Il concorso "Ninnalana - Ninnananna alla Capanna", promosso da Eppen e L'Eco di Bergamo, mira a riscoprire le ninne nanne locali e mondiali, favorendo la condivisione e riportando al centro l'importanza di queste filastrocche nel legame tra genitori e figli. L'evento sottolinea come la ninna nanna sia un elemento universale, un'espressione di dolcezza che educa alla vita e alle relazioni. Don Gianmario Della Giovanna evidenzia come iniziative come "Ninnalana" rafforzino il valore umano, relazionale e civile del Natale, riunendo tradizioni e promuovendo un dialogo interreligioso e interculturale attorno al tema universale della nascita.
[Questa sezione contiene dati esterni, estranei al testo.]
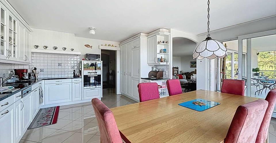 Situé dans un quartier résidentiel et prisé de la commune de Mont-sur-Rolle, à quelques pas des rives du Lac et à proximité des commodités de la ville de Rolle, cet appartement bénéficie d’un emplacement exceptionnel et rare. La vue panoramique imprenable sur le Léman et la chaîne des Alpes ne laissera personne insensible. Au premier étage d’un immeuble de seulement 8 lots construit en 2006, ce bien offre des prestations de grande qualité. D’une superficie d’environ 200 m², l’agencement de cet appartement est distribué comme suit : – un hall d’entrée spacieux avec rangements et accès privatif à l’ascenseur, – une grande cuisine avec coin repas, – un séjour vaste et lumineux, agrémenté d’une cheminée et de baies vitrées ouvrant sur le balcon, – un balcon couvert d’environ 28 m² offrant un panorama exceptionnel, – une chambre parentale avec de nombreux espaces de rangements, un balcon privatif et une salle d’eau attenante (bain à bulle et douche/hamman), – trois chambres à coucher, – une salle de douche, – une buanderie privative. Le bien inclut également une cave, un local supplémentaire (atelier ou carnotzet), une cave à vin climatisée et un garage/box pour deux voitures. N’attendez plus pour découvrir ce bien d’exception !

In un'epoca di denatalità, la riscoperta del mistero del nascere e il valore del bambino come dono divino diventano ancora più cruciali.

Bambini che cantano insieme

Un Impegno per il Futuro: Sostenere la Famiglia e l'Educazione

La ninna nanna, con la sua intrinseca capacità di creare legami e trasmettere valori, rappresenta un punto di partenza per un ripensamento più ampio sul ruolo della famiglia e dell'educazione nella società contemporanea. Le istituzioni civili e le comunità religiose hanno il compito di offrire un sostegno concreto alle coppie e alle famiglie, affinché possano svolgere il loro ruolo di custodi della vita e della formazione delle nuove generazioni. Investire in servizi educativi di sostegno alle famiglie e valorizzare le iniziative locali è fondamentale per costruire un futuro basato sulla cura, sulla relazione e sulla trasmissione di valori autentici. La ninna nanna, in questo senso, non è solo un canto, ma un invito a riscoprire l'essenza della connessione umana e a coltivare un futuro più dolce e consapevole.